Umgerechnet auf den Energieinhalt von Heizöl entspricht dies einer Menge von 369 Milliarden Liter. Für den Transport dieser Menge wäre ein Güterzug mit einer Länge von 74.000 km Länge notwendig. Ein solcher Zug würde fast zweimal die Erde umrunden. Die nackten Zahlen verdeutlichen: Die Herausforderungen der Energiewende, die vollständige Umstellung der Energieversorgung auf erneuerbare Energieträger, sind gewaltig.
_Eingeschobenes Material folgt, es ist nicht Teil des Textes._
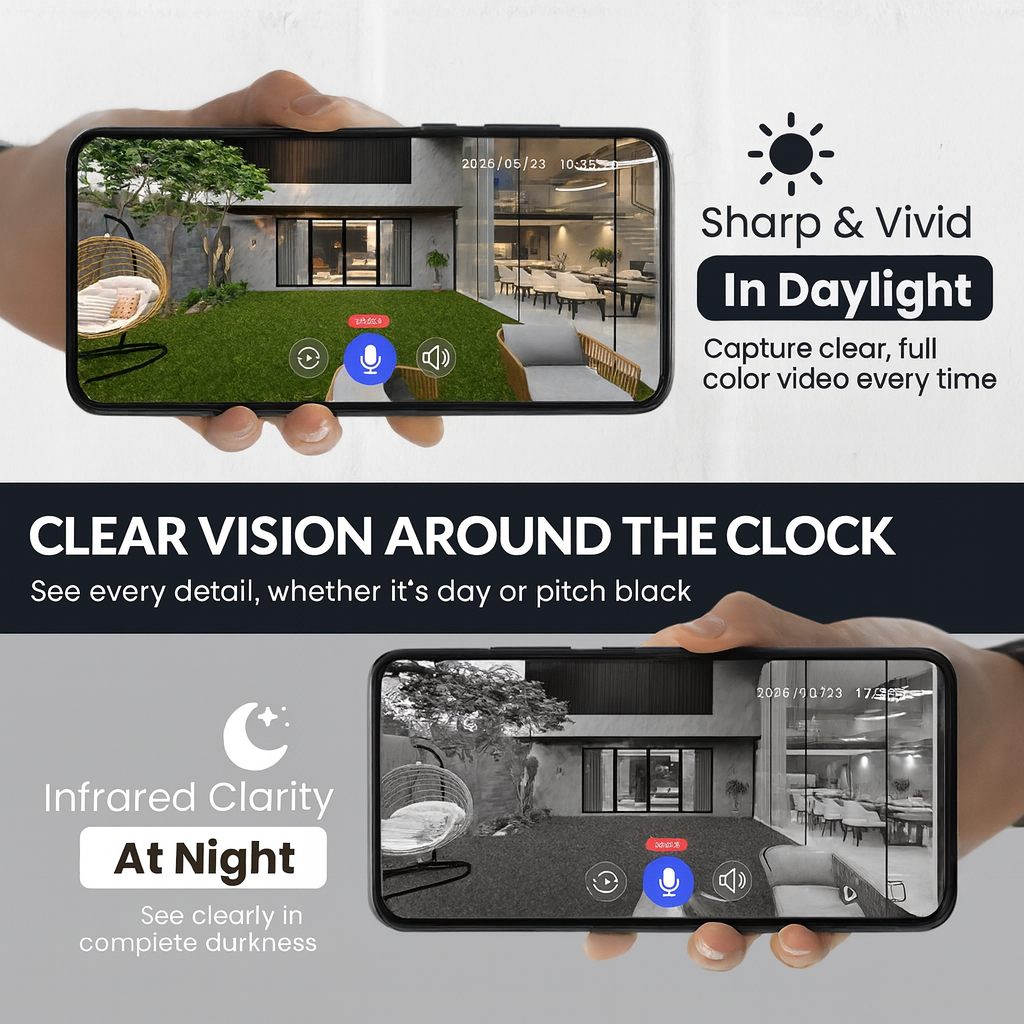 Even in the middle of the night, you can clearly see faces, monitor outdoor activity, and sleep with peace of mind.

Das Ziel der Energiewende erfordert nicht weniger als ein Umdenken und eine Umstrukturierung der Energieversorgung. Das wichtigste Ziel ist und bleibt die Energieeinsparung, durch bessere Wärmedämmung und effizientere Technologien. Da mehr als die Hälfte des Energieverbrauchs für die Bereitstellung von Wärme benötigt wird, kommt der Optimierung der Wärmeversorgung die entscheidende Schlüsselstellung im Umbau der deutschen Energieversorgung zu. Die Abwärme, die in zentralen Großkraftwerken in Deutschland anfällt, entspricht 62 Prozent der Wärmemenge, die in privaten Haushalten zur Heizung und Warmwassererwärmung benötigt wird. Die anfallende Abwärme von Industrieprozessen ist in dieser Betrachtung noch gar nicht berücksichtigt.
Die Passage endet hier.